Résumons pour les derniers de la classe ou les plus jeunes : la Fondation Maeght de Saint Paul de Vence (Var) accueille un festival de musique hors normes fin juillet 70. S’y produisent Sun Ra, Albert Ayler, Terry Riley, Cecil Taylor. Le public qui avait sifflé Ayler quatre ans auparavant à Pleyel faisait deux soirées durant une standing ovation au saxophoniste. Comprenne qui pourra.  

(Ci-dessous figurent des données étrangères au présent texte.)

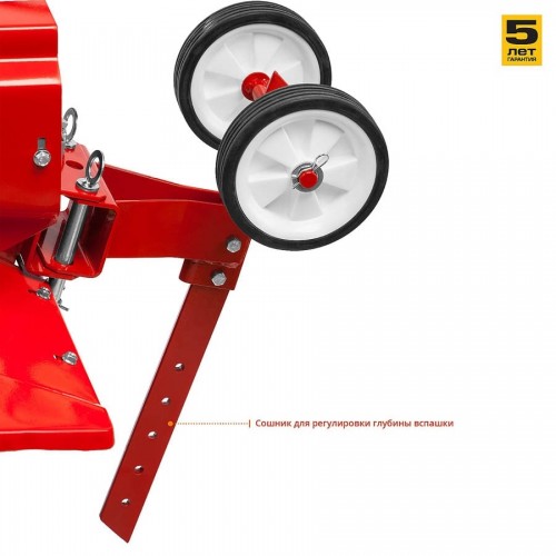 - Регулируемый сошник надежно фиксируется к раме культиватора и отвечает за регулировку глубины вспашки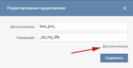 У нас відкривається віконце редагування аудиозапии, в якому ми можемо змінювати, як виконавця так і сама назва пісні. Давайте спробуємо натиснути на кнопку «Додатково»: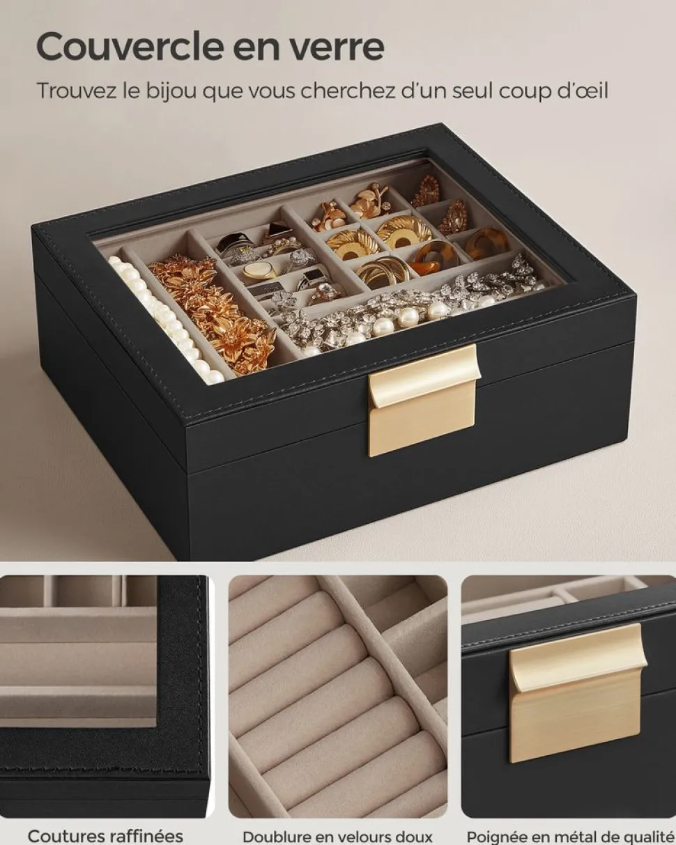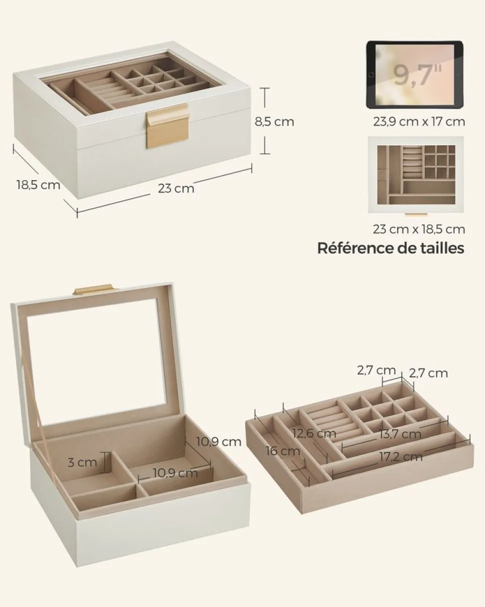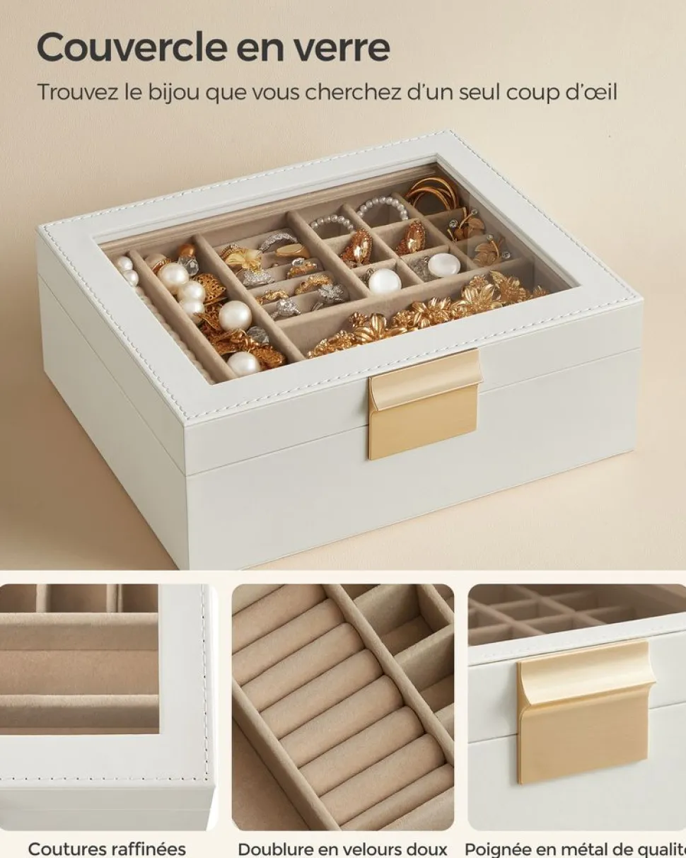 [Couvercle en verre transparent] Sous la surface en verre transparent, tous vos bijoux préférés sont visibles. Ils sont bien présentés et protégés de la poussière. C’est tellement plus simple de choisir vos accessoires préférés[Chic & durable] Avec une surface blanche, des poignées en métal doré, une doublure en velours doux, des coutures soignées et des panneaux MDF robustes, cette boîte à bijoux est chic et durable, idéale pour vos collections de bijoux[Beaucoup d’espace, pour beaucoup de bijoux] Avec 2 niveaux et 18 compartiments de tailles différentes, cet écrin à bijoux vous offre beaucoup d’espace de rangement pour trier vos accessoires tels que boucles d’oreilles, bagues et colliers[Polyvalent] Ce coffre à bijoux s’harmonise parfaitement avec la déco de votre chambre ou dans votre dressing. Il est pratique pour ranger vos broches, colliers, bagues et autres accessoires. Le plateau du haut, doté de poignées, est facile à enlever[Bonne idée de cadeau] Avec un design original et une finition raffinée, cette boîte à bijoux est parfaite comme cadeau pour vos proches. Ou faites-vous plaisir tout simplement !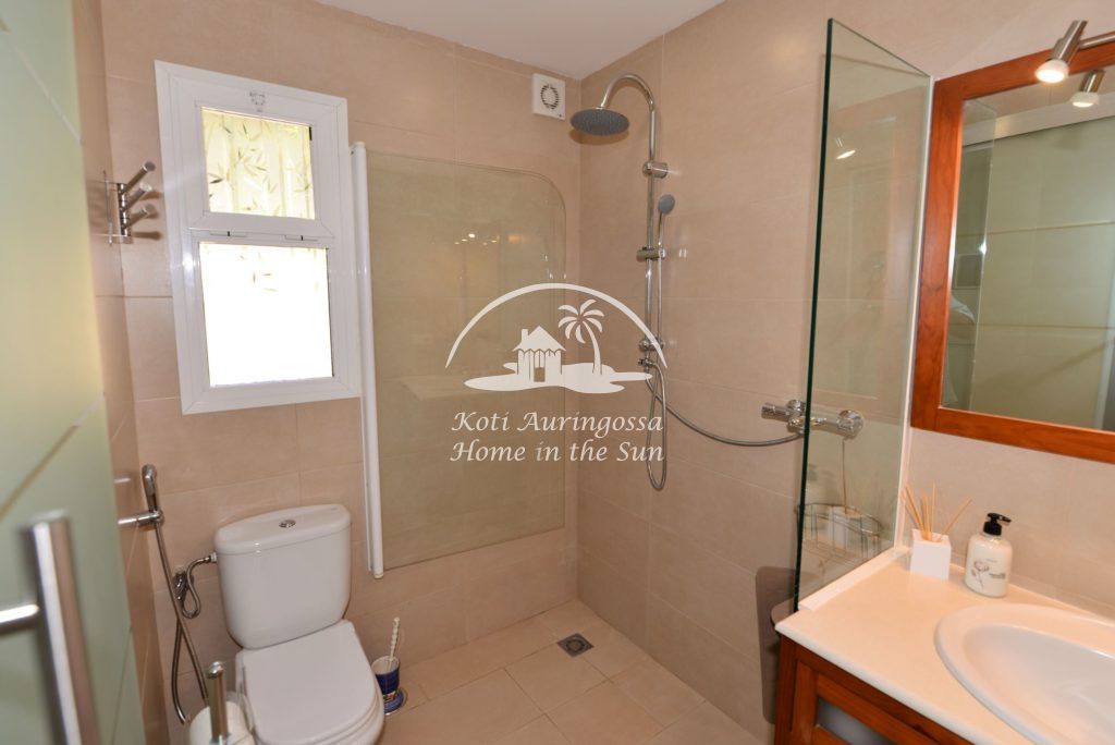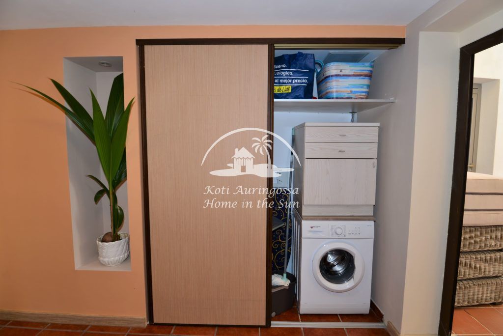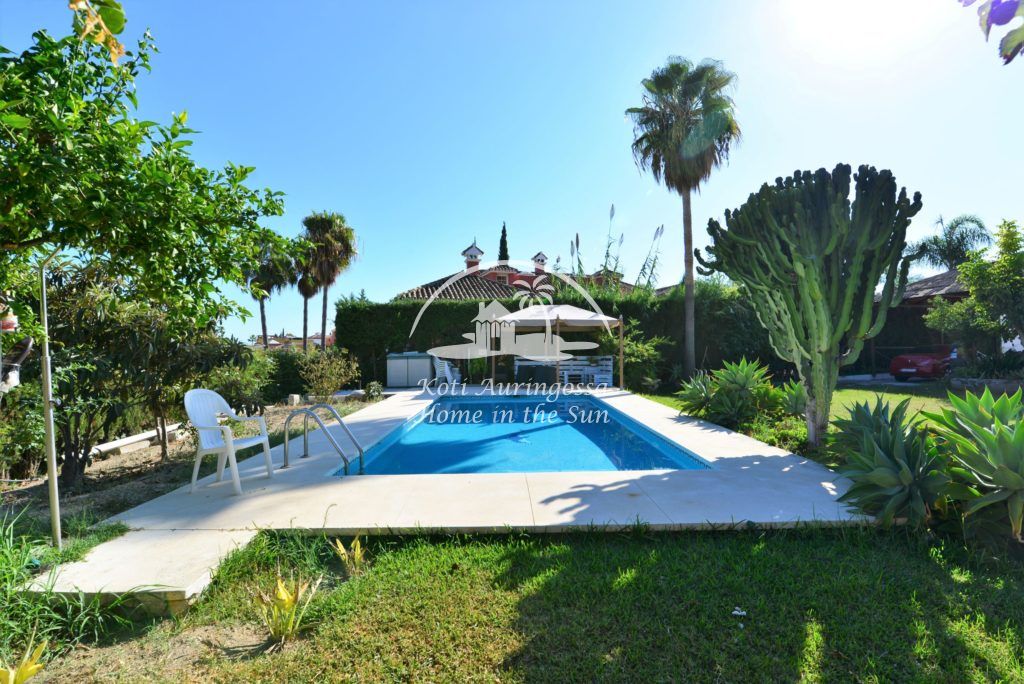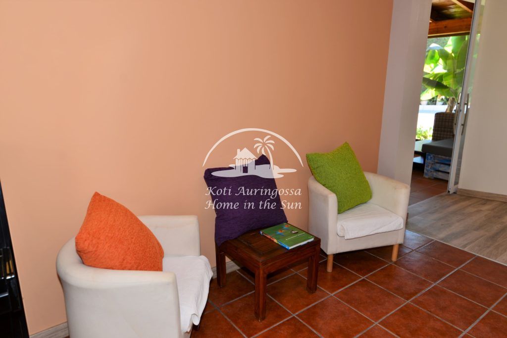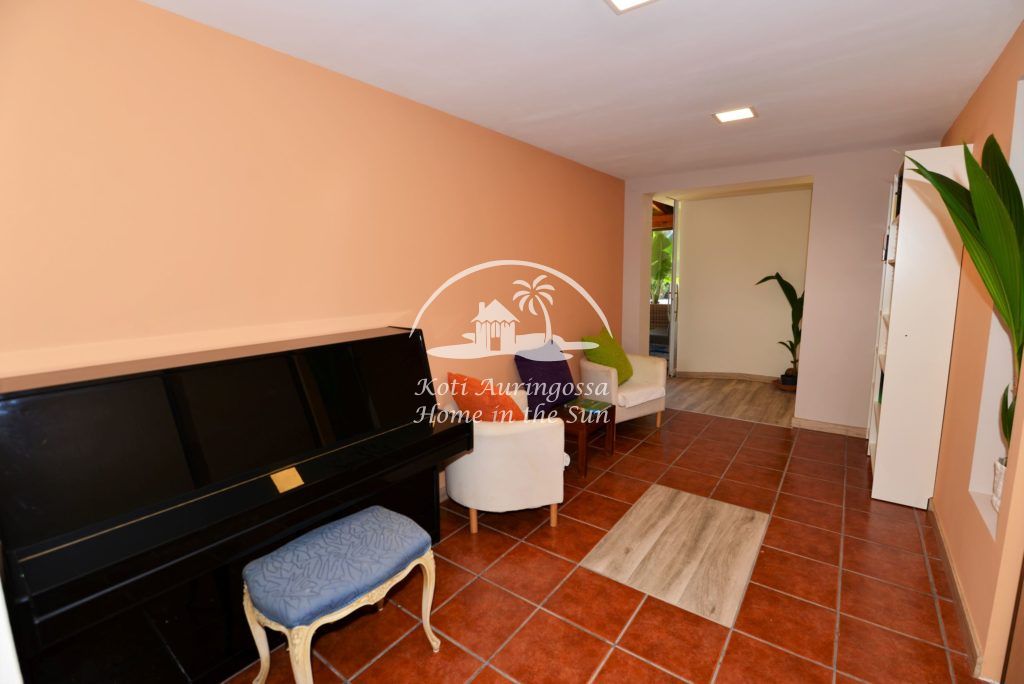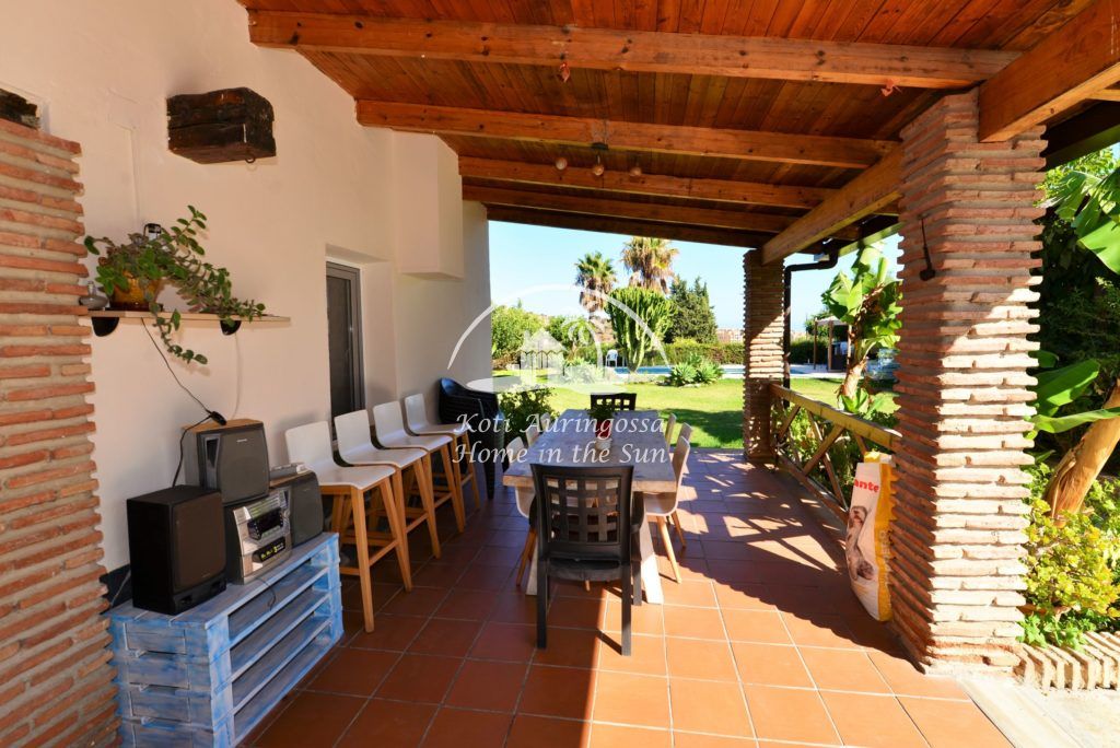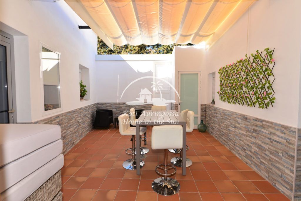 Sisään käynnin yhteydessä on kiva katettu sisäpatio ja oleskelutila. Täysin aidattu tontti.

Si le répertoire de ces deux soirées reprend quelque peu les deux derniers enregistrements du saxophoniste pour Impulse, on devine ici une nouvelle direction. Le 25 juillet 1970, Ayler est à la tête d’un quartet d’où est absent Call Cobbs (il a raté l’avion). Mary Parks, la compagne d’Ayler, (chant, saxophone soprano) y révèle un tempérament vif et tranchant. Ici, la clarté du chant du saxophoniste en étonnera plus d’un, son désir de retourner à la mélodie –qu’il n’a en fait jamais quittée-  sans omettre son recours à la convulsion laisse à penser qu’Ayler avait réussi à réconcilier ses propres extrêmes. La paire Steve Tintweiss, Allen Blairman, parfaitement en phase avec le new Ayler va pousser le saxophoniste très loin dans l’expressivité d’un art jamais égalé. Autour de Ghosts, Love Cry se nichent quelques inédits baptisés Revelations. Ce sont, précisément, ceux-ci qui nous intéressent. Improvisations collectives, elles font se croiser les souffles (soprano pour Mary, cornemuse et ténor pour Albert), les expérimentations vocales et s’inscrivent en plein cœur d’un free jazz vibrant. 

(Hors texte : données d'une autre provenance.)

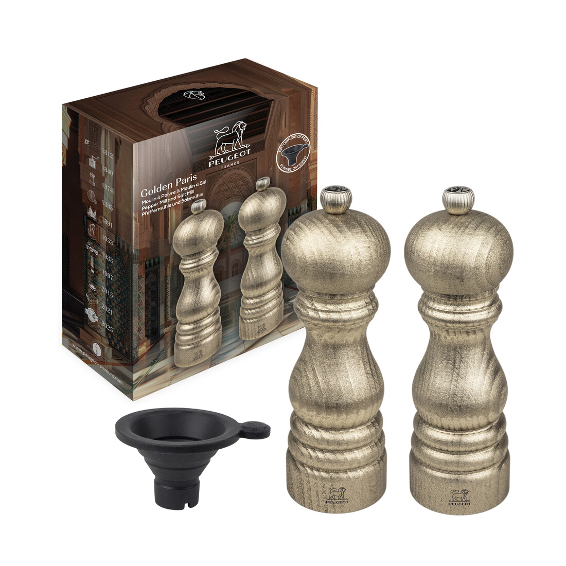 Dit stijlvolle duo van Peugeot combineert ambacht, kwaliteit en tijdloos design. De molens zijn vervaardigd uit beukenhout met een goudgepatineerde afwerking die de natuurlijke houtnerven zichtbaar maakt. Deze set brengt niet alleen smaak aan tafel, maar zien er ook erg feestelijk uit. Elke molen is uitgerust met een precisie-maalwerk dat ontworpen is voor optimale prestaties. De pepermolen is geschikt voor verschillende soorten peper en korianderzaad, terwijl de zoutmolen ideaal is voor droog, grof steenzout. Reinig deze set met een droge, zachte doek. Vermijd contact met water en plaats de molens niet in de vaatwasser.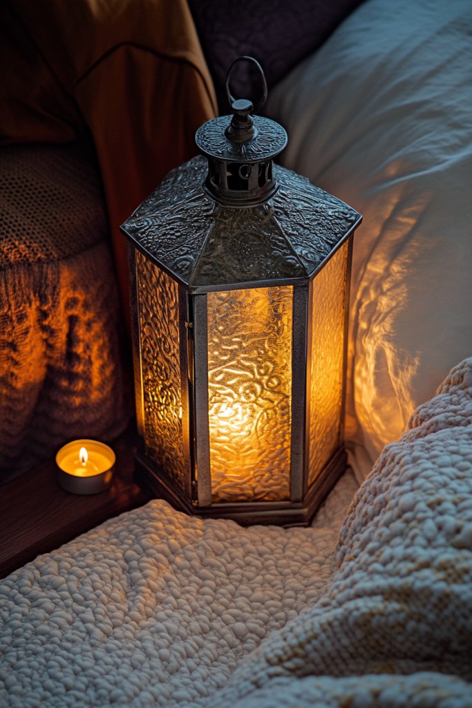 Picture a vintage-style lantern with a flickering LED candle or a textured ceramic lamp with a soft glow. These sit on your nightstand or hang from the ceiling, casting gentle pools of light. The textured surfaces and warm tones add a layer of visual richness to your space. The subtle lighting makes your room feel warm, inviting, and perfect for unwinding.
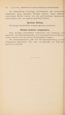 Die Immunität und die spontane Heilung der Krebskrankheit nach den Ergebnissen der modernen experimentellen Forschung / von Anton Sticker.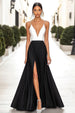 A Linie V-Ausschnitt Schwarzes Krawattenkleid mit Schlitz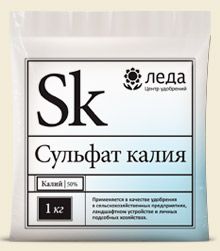Сульфат калия – высококонцентрированное бесхлорное калийное удобрение, которое содержит калий (50%). Применяется для подкормки культур, чувствительных к хлору: огурец, перец, баклажан, картофель, морковь и др. Препарат положительно влияет на урожай семейства крестоцветных (капуста, брюква, турнепс и др.) и бобовых, потребляющих много серы, калий повышает содержание сахара и витаминов в выращенной продукции.

Le 27 juillet le pianiste Call Cobbs (souvenir d’un mémorable Angels en duo avec le saxophoniste) rejoint la fine équipe. Les ultras-aigu d’Ayler sont de sortie, Allen Blairmann mouline comme un grand diable et le pianiste apporte swing, blues et gospel au sein des compositions du saxophoniste (écoutez son accompagnement sur Truth Is Marching In : il est aux antipodes harmoniques d’Ayler). Les oppositions voulues ou non (Again Comes the Rising of the Sun, Holy Family) ne manquent (une piste pour le new Ayler ?). Ici, se construit l’épique Revelations I et ses vingt minutes de folie douce). Ici, peu importent les approximations. Ici, l’on se jette à l’eau sans le souci de la noyade. Ici, l’on sculpte à même le vif. Ici, le débordement est la norme (le vénérable Call Cobbs, habitué à des musiques plus centrées fait siennes marges et pages blanches). Et on n’écrira jamais assez combien son accompagnement fait de longs et riches enroulements offre de nouvelles perspectives au saxophoniste. Contesté, critiqué voire haï, Albert recevait de la part du public une longue et émouvante ovation. La première… et la dernière.

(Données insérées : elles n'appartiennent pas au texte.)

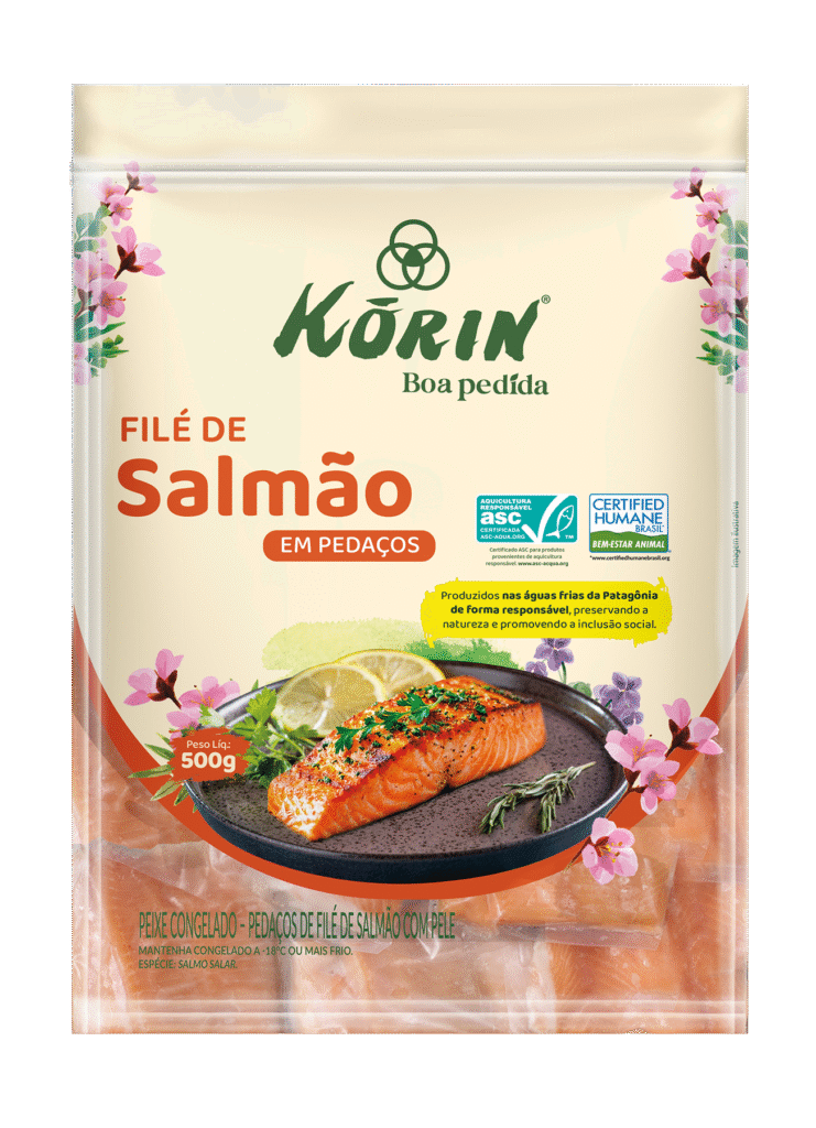 A Korin Alimentos oferece aos consumidores o primeiro salmão com certificação em bem-estar animal do Brasil. A empresa, que é pioneira na criação de frangos sem o uso de grãos transgênicos, anticoccidianos e antibióticos no país, fortalece seu portfólio com mais uma opção de alimento saudável. O produto chega ao mercado em duas versões: salmão defumado e salmão em postas.

Le lendemain, Albert Ayler donna un court concert au village de vacances de la Colle sur Loup (on imagine la tête des campeurs) dont on trouve quelques extraits dans le monumental coffret Revenant. Le 25 novembre, on repêcha son corps dans l’East River. Suicide, accident ou assassinat (il aurait fricoté avec la girl d’un caïd local), le mystère reste entier.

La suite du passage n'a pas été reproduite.